## [Provided information]
>>>>

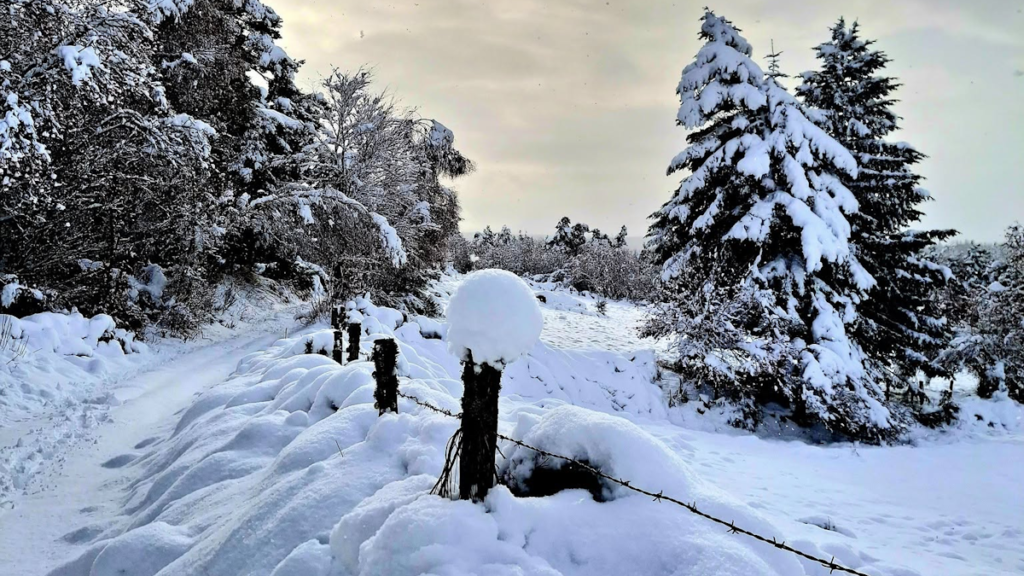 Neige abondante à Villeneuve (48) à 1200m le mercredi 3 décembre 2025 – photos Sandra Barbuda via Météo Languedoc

<<<<
>>>>

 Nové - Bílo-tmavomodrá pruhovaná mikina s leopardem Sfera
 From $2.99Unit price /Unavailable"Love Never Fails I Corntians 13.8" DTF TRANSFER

<<<<

Print exactly the lines of the listing above starting at the line containing "Nové - Bílo-tmavomodrá" and ending at the line containing "From $2.99Unit price", both included.

 Nové - Bílo-tmavomodrá pruhovaná mikina s leopardem Sfera
 From $2.99Unit price /Unavailable"Love Never Fails I Corntians 13.8" DTF TRANSFER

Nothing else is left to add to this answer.